The community on the path of the Bayou Bridge Pipeline construction is at the terminus of the same route on which the Dakota Access Pipeline carries its load of highly volatile fracked oil — from the Bakken Formation centered at the Mandan Hidatsa & Arikara Nation in North Dakota — across unceded 1851 Ft Laramie Treaty territory of the Oceti Sakowin near the Standing Rock Nation.

St. James lies in the heart of what is dubbed Cancer Alley because of the toxic materials handled at its cluster of chemical plants, refineries and oil export facilities.

Although state regulations require ETP to consider the impact its Bayou Bridge Pipeline will have on St.
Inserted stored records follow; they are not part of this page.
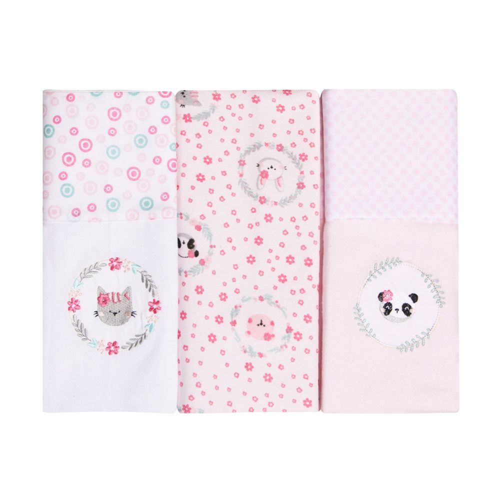 Cueiro Flanelado Com 3 Pçs Animais Rosa 80cm X 80cm Papi
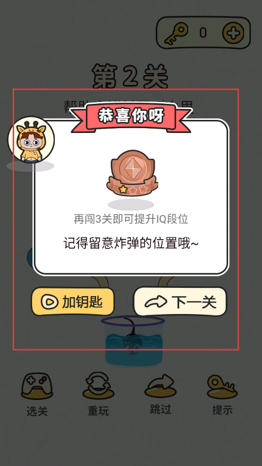 3、成功完成關(guān)卡任務(wù)后,會(huì)獲得恭喜提示,可選擇加鑰匙或進(jìn)入下一關(guān),繼續(xù)挑戰(zhàn),積累闖關(guān)次數(shù)提升IQ段位。
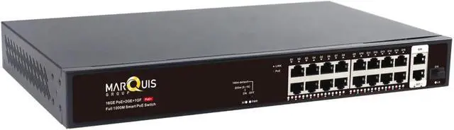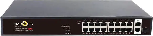 802.3af/at PoE Switch16-port 10/100/1000 Mbps PoE switch with 2 Gigabit RJ45 uplink ports and 2 SFP slots. Supports up to 30W per port with a total PoE power budget of 300W. Dual uplink ports allow connection to routers, NVRs, switches, or other network devices.
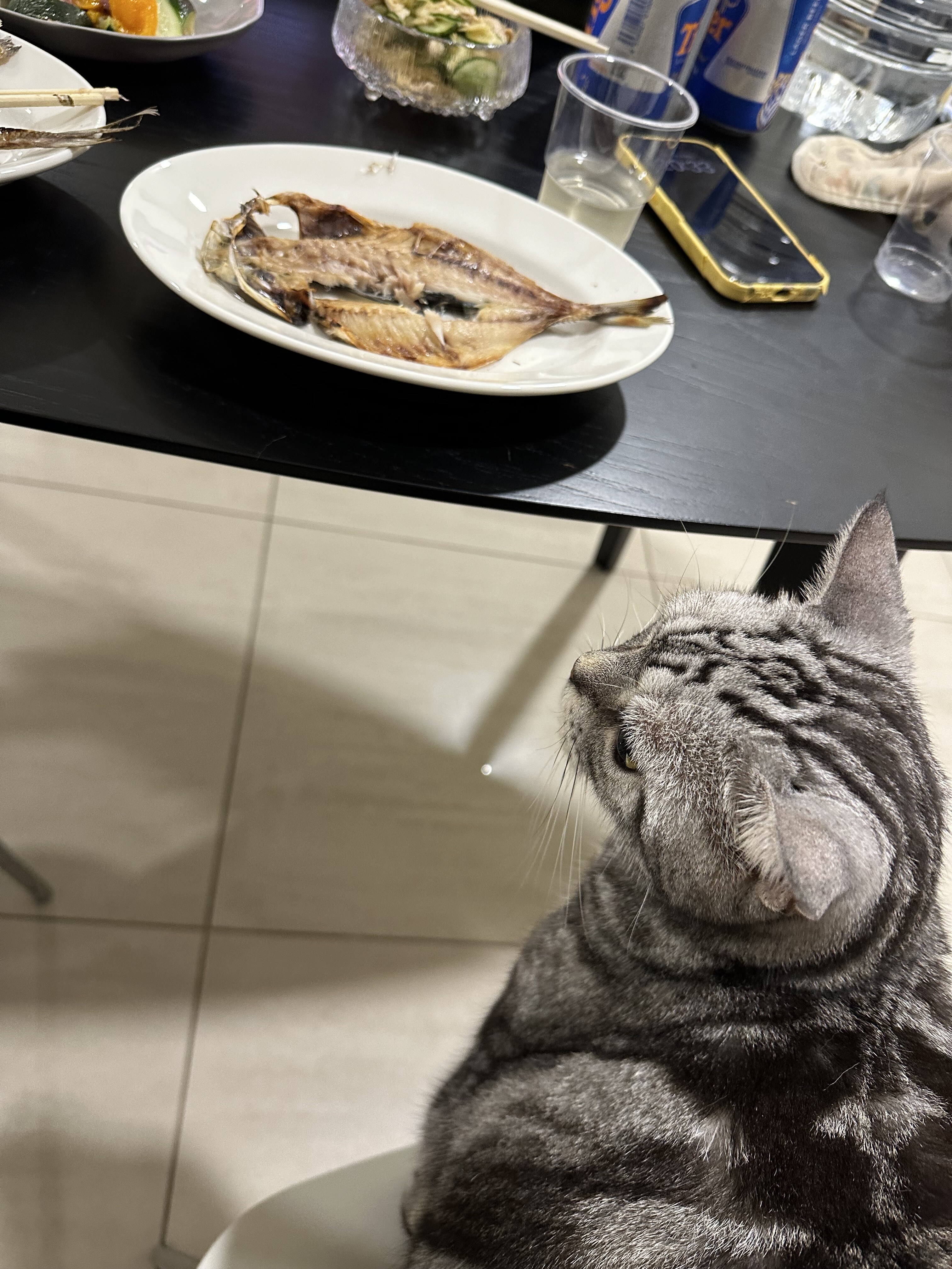 夜には、人間のごはんを狙いに来るまでになりました🥹

James, the company failed to do so, further endangering the community, the opponents claim.

The investor meeting shutdown took place three days after Energy Transfer Partners security guards sank two boats filled with water protectors, an independent journalist, and a crew from “Klepper”.

The Viacom Media Network primetime weekly news series, featuring Jordan Klepper, which is set to launch in 2019, was filming construction of the Bayou Bridge Pipeline deep within the swamps of the Atchafalaya Basin when the incident occurred.

As the journalists were recording and maneuvering two small boats within the narrow bayou, a larger ETP security boat passed by, creating life-threatening wakes that sunk both within seconds, according to survivors.

“L’eau Est La Vie Camp’s all femme captains got the boats to the banks of the swamp as they were quickly submerging into the gator-filled swamp,” they said in a media release.

The Oct. 18 shareholder meeting was to vote approval on ETP’s restructuring and merger with Fortune 500 company Energy Transfer Equity.

The same day, Greenpeace updated earlier findings with a report entitled “Still Too Far: Energy Transfer Continues to Display Concerning Corporate Behavior.”

The watchdog report concludes that “Energy Transfer still goes too far in attempting to silence the free speech of its opponents, at the expense of human rights and the environment.”

As pipeline fighters stormed Warren’s gates on Oct. 19, Energy Transfer Equity announced it had been able to complete the merger with Energy Transfer Partners, despite the disruption of the shareholder meeting.

It stated in a media release that it will now trade publicly as Energy Transfer LP and Energy Transfer Partners will now be called Energy Transfer Operating LP.

“Energy Transfer is committed to operating its business in a manner that honors and respects all people and communities in which we do business,” it says in its corporate and social stakeholder responsibility statement.

Its toll-free contact number for Bayou Bridge Pipeline concerns and emergency matters is 800-753-5531.